Wednesday, May 1, 2013

Career Change, Conversion, Morphing and Mending

Paths change.  Like jobs, choices of faith persuasions. 

More.

Hearts do also.

People are like that.

Unless they're satisfied, they move, search and seek something, Someone else.

Take, for example, the Trappist Father Thomas Merton born in France.  His parents, he notes, did not like the Protestant cenacles in France.  Hid dad died a good Anglican, Merton notes.

Tom Merton protested the liberal teaching he received at Oakham School in an Anglican school in England.  It had no substance, and "I proudly assumed that this was the case with all religions, and obstinately set my face against all churches."
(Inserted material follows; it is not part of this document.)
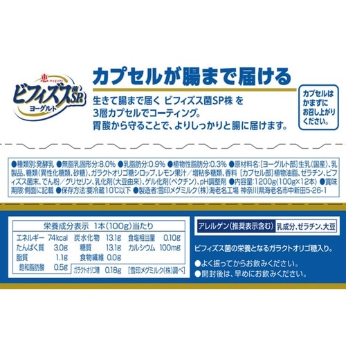 【冷蔵】雪印メグミルク 恵 megumi ビフィズス菌SP株ヨーグルト ドリンクタイプ(ケース) 12本×1個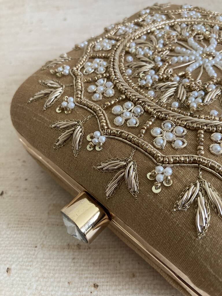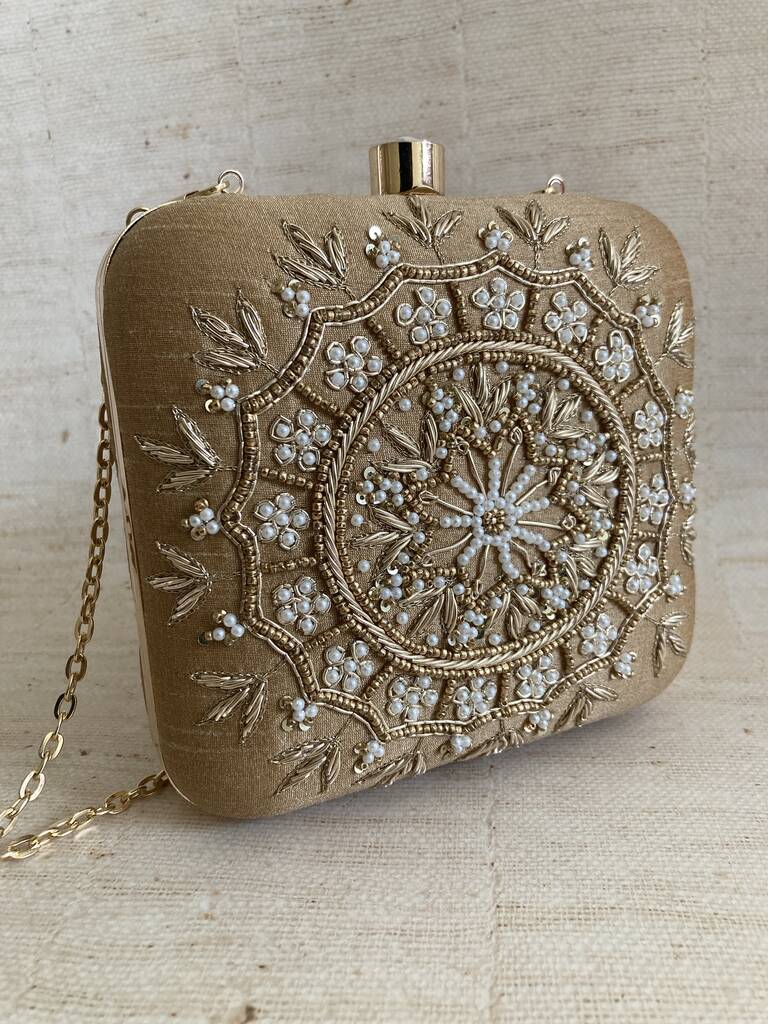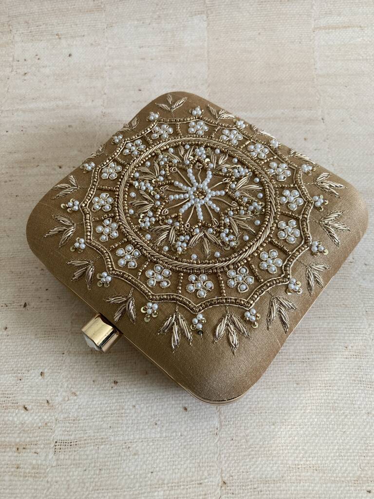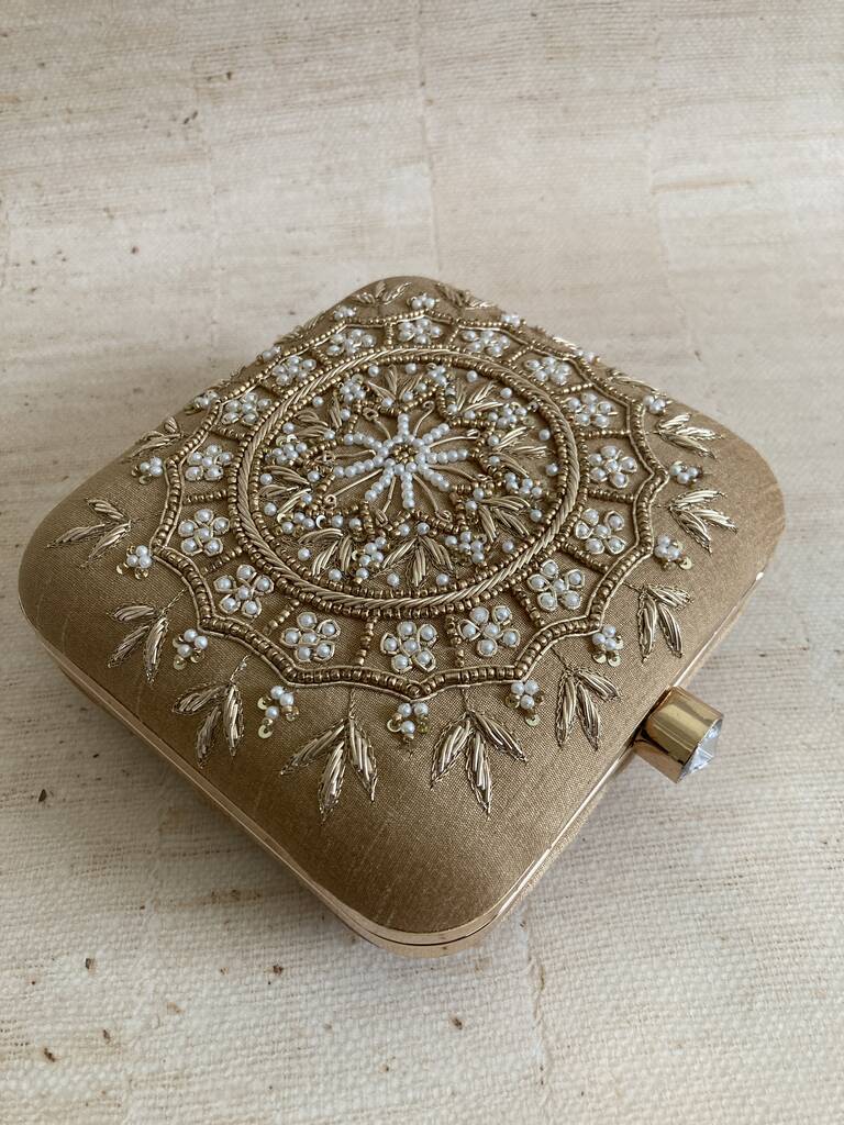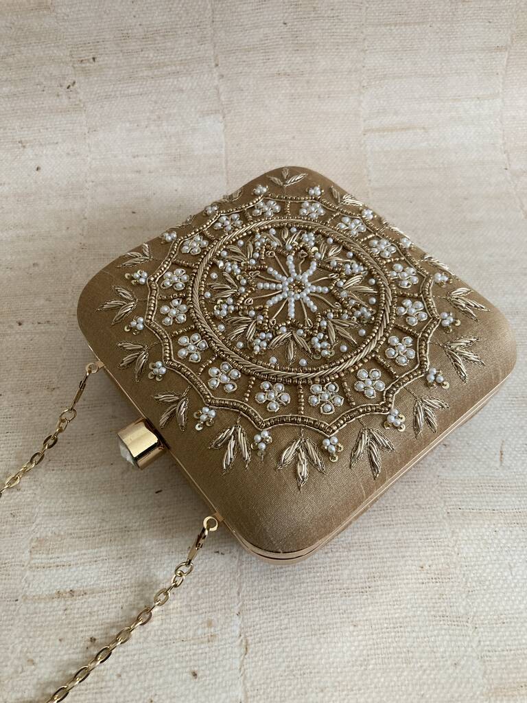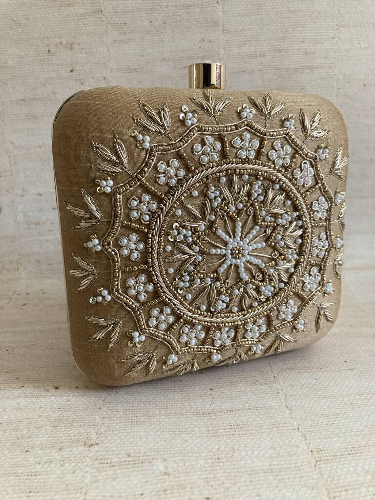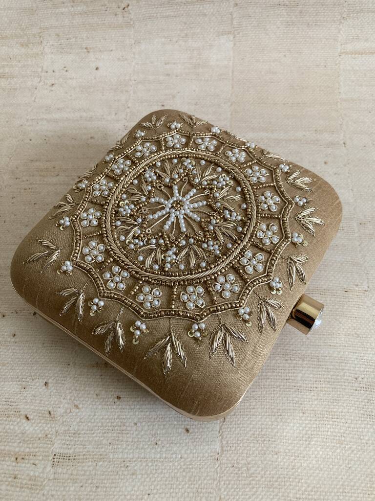 Gold Raw Silk Mandala Design Square Clutch Bag

Until 1938 Merton "gradually passed from being anti-clerical and became a complete unbeliever," by his own admission in his, "A Life in Letters."

Merton confesses that his path was disastrous:  "My only concern was with earthly thing: thinking myself passionately devoted to justice and liberty I began to take an interest in atheistic communism, and, for a while, I held the doctrines of radicalism, concerning religious institutions: namely that they were purely the result of social and historical forces and, however well-meaning their adherents, they were nothing more than social groups, which the rich made us of to oppress the poor!"

Amid his confusion, he studied Jacques Maritain, and, began to go to Mass at Corpus Christi Church in New York and was baptized Nov. 16, 1938.

Eventually, Merton chose a life of quiet solitude as a Trappist monk in Gethsemane, Kentucky, a favorite place of mine for retreat and reflection.